The Paper-Only Chaos Carousel: Low‑Tech Rotation Drills for High‑Reliability Teams
How to use simple, paper-only “chaos carousel” drills to build shared reliability intuition, practice incident roles, and strengthen your team’s outage and security response without touching production.
The Paper-Only Chaos Carousel: Low‑Tech Rotation Drills for High‑Reliability Teams
Reliability training often gets framed as a choice between “do nothing and hope” or “spin up an expensive chaos engineering program.” There’s a huge middle ground that most teams overlook: paper-only chaos carousels.
These are low-tech, tabletop-style drills where teams walk through realistic outage or attack scenarios using printed prompts—no scripts, no test environments, no risky experiments in prod. Just people, paper, and conversation.
Done well, chaos carousels become a lightweight practice field for reliability, security, and operations skills.

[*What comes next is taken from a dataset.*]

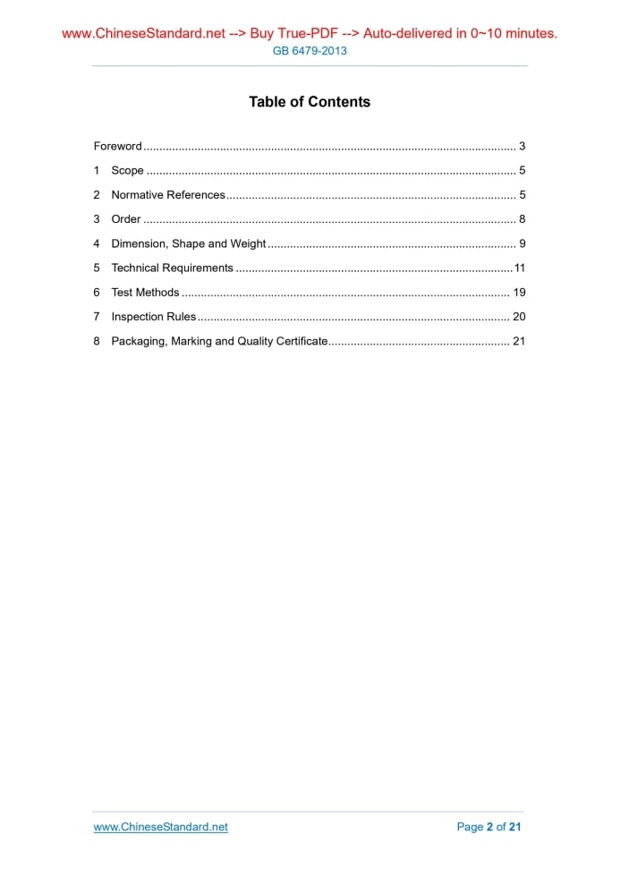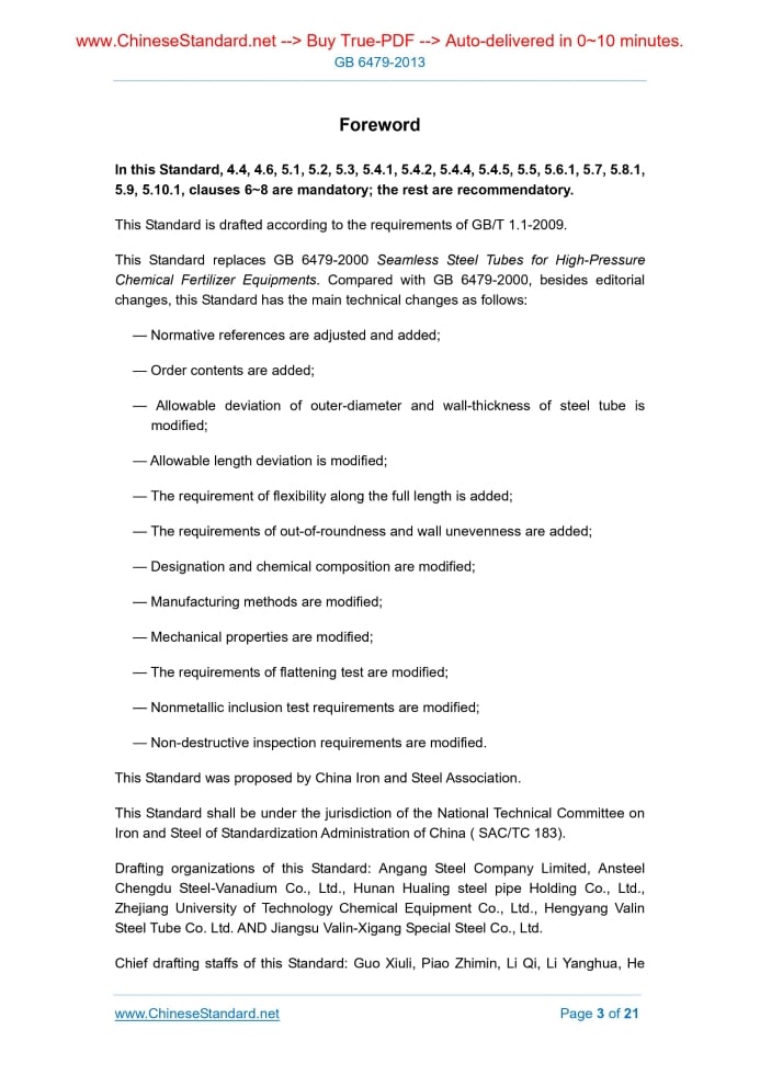 GB 6479-2013: [GB/T 6479-2013] Seamless steel tubes for high-pressure chemical fertilizer equipment---This is an excerpt. Full copy of true-PDF in English version (including equations, symbols, images, flow-chart, tables, and figures etc.), auto-downloaded/delivered in 9 seconds, can be purchased online: https://www.ChineseStandard.net/PDF.aspx/GB6479-2013 GB NATIONAL STANDARD OF THE PEOPLE’S REPUBLIC OF CHINA ICS 77.140.75 H 48 Replacing GB 6479-2000 Seamless Steel Tubes for High-Pressure Chemical Fertilizer Equipments Issued on. SEPTEMBER 18, 2013 Implemented on. JULY 1, 2014 Issued by. General Administration of Quality Supervision, Inspection and Quarantine; Standardization Administration of the People's Republic of China. Table of ContentsForeword... 3 1 Scope... 5 2 Normative References... 5 3 Order... 8 4 Dimension, Shape and Weight... 9 5 Technical Requirements... 11 6 Test Methods... 19 7 Inspection Rules... 20 8 Packaging, Marking and Quality Certificate... 21ForewordIn this Standard, 4.4, 4.6, 5.1, 5.2, 5.3, 5.4.1, 5.4.2, 5.4.4, 5.4.5, 5.5, 5.6.1, 5.7, 5.8.1, 5.9, 5.10.1, clauses 6~8 are mandatory; the rest are recommendatory. This Standard is drafted according to the requirements of GB/T 1.1-2009. This Standard replaces GB 6479-2000 Seamless Steel Tubes for High-Pressure Chemical Fertilizer Equipments. Compared with GB 6479-2000, besides editorial changes, this Standard has the main technical changes as follows. — Normative references are adjusted and added; — Order contents are added; — Allowable deviation of outer-diameter and wall-thickness of steel tube is modified; — Allowable length deviation is modified; — The requirement of flexibility along the full length is added; — The requirements of out-of-roundness and wall unevenness are added; — Designation and chemical composition are modified; — Manufacturing methods are modified; — Mechanical properties are modified; — The requirements of flattening test are modified; — Nonmetallic inclusion test requirements are modified; — Non-destructive inspection requirements are modified. This Standard was proposed by China Iron and Steel Association. This Standard shall be under the jurisdiction of the National Technical Committee on Iron and Steel of Standardization Administration of China (SAC/TC 183). Drafting organizations of this Standard. Angang Steel Company Limited, Ansteel Chengdu Steel-Vanadium Co., Ltd., Hunan Hualing steel pipe Holding Co., Ltd., Zhejiang University of Technology Chemical Equipment Co., Ltd., Hengyang Valin Steel Tube Co. Ltd. AND Jiangsu Valin-Xigang Special Steel Co., Ltd. Chief drafting staffs of this Standard. Guo Xiuli, Piao Zhimin, Li Qi, Li Yanghua, He Zhengyan, Di Liping, Chen Zhongyou, Zhao Bin, Chen Shaolin and Li Yingxiong. The previous editions replaced by this Standard are as follows. — GB6479-1986 and GB6479-2000. Seamless Steel Tubes for High-Pressure Chemical Fertilizer Equipments1 ScopeThis Standard specifies seamless steel tubes for high-pressure for chemical fertilizer equipment in terms of dimension, shape, weight, technical requirements, test methods, inspection rules, packaging, marking and quality certificate, etc. This Standard is applicable to seamless steel tube for high-pressure chemical fertilizers equipment and pipeline or the ones for other chemical equipment.2 Normative ReferencesThe following referenced documents are indispensable for the application of this document. For dated reference, only the edition cited applies. For undated reference, the latest edition of the normative document (including any amendments) applies. GB/T 222 Permissible Tolerances for Chemical Composition of Steel Products GB/T 223.3 Methods for Chemical Analysis of Iron, Steel and Alloy - The Diantipyrylmethane Phosphomolybdate Gravimetric Method for the Determination of Phosphorus Content GB/T 223.5 Steel and Iron - Determination of Acid-soluble Silicon and Total Silicon Content - Reduced Molybdosilicate Spectrophotometric Method GB/T 223.11 Iron Steel and Alloy - Determination of Chromium Content - Visual Titration or Potentiometric Titration Method GB/T 223.12 Methods for Chemical Analysis of Iron, Steel and Alloy - The Sodium Carbonate Separation-Diphenyl Carbazide Photometric Method for the Determination of Chromium Content3 OrderFor the purpose of this Standard, the order contract or order form shall include the following information.4 Dimension, Shape and Weight4.1 Outer-diameter and wall-thickness 4.1.1 The nominal outer-diameter (D) and nominal wall-thickness (S) of steel tubes shall meet those specified in GB/T 17395. 4.2 Allowable deviation of outer-diameter and wall-thickness 4.2.1 Allowable deviation of outer-diameter and wall-thickness of hot rolled (squeezed and extended) steel tubes shall be in accordance with those specified in Table 1. 4.2.2 Allowable deviation of outer-diameter and wall-thickness of cold-drawn (rolled) steel tube shall meet those specified in Table 2. 4.3 Length 4.3.1 General length General length of steel tubes is 4000mm ~12000 mm. Based on the agreement of both Seller and Buyer, the steel tubes longer than 12000mm and the ones with length between 3000mm and 4000mm may be delivered if indicated in the contract; the quantity shall not exceed 5% of the total quantity delivered at this batch. 4.3.2 Specified length and multiple length 4.4 Curvature 4.4.1 Curvature per meter of steel tubes shall meet those specified in Table 3. 4.5 Out-of-roundness and wall unevenness As required by the Buyer, based on the agreement of both Seller and Buyer and also indicated in the contract, the out-of-roundness and wall unevenness of steel tubes shall not exceed 80% of the tolerance of outer-diameter and wall-thickness respectively. 4.6 End shape The surface of both ends of steel tube shall be vertical to the axis and the cutting burrs shall be cleared away. 4.7 Delivery weight5 Technical Requirements5.1 Designation and chemical composition 5.1.1 Designat

They help your team build shared intuition about how your systems fail, how to respond, and how to improve—without waiting for the next real incident.
This post explains what a paper-only chaos carousel is, why it works, how to run one, and how to fit it into a broader incident training program.
What Is a Paper-Only Chaos Carousel?
A paper-only chaos carousel is a structured group exercise where:
- You simulate an incident using printed scenario cards instead of live system changes.
- Participants talk through how they would detect, diagnose, and respond.
- Roles rotate between rounds so different people practice being incident commander, on-call, comms, etc.
- You run a short debrief after each scenario to capture learnings and improvements.
Think of it as a flight simulator for incidents, but built with sticky notes and printouts instead of cloud infrastructure.
Because it’s cheap, quick to set up, and safe, you can run carousels regularly—monthly, or even weekly in smaller doses.
Why Bother With Paper Drills?
You already have on-call and postmortems. Why add paper?
1. Build Shared Reliability Intuition
In many orgs, only a few people deeply understand how the system fails and recovers. Everyone else is following runbooks by rote.
Paper carousels:
- Encourage group reasoning about failure modes, symptoms, and mitigations.
- Surface implicit knowledge from senior folks so others can absorb it.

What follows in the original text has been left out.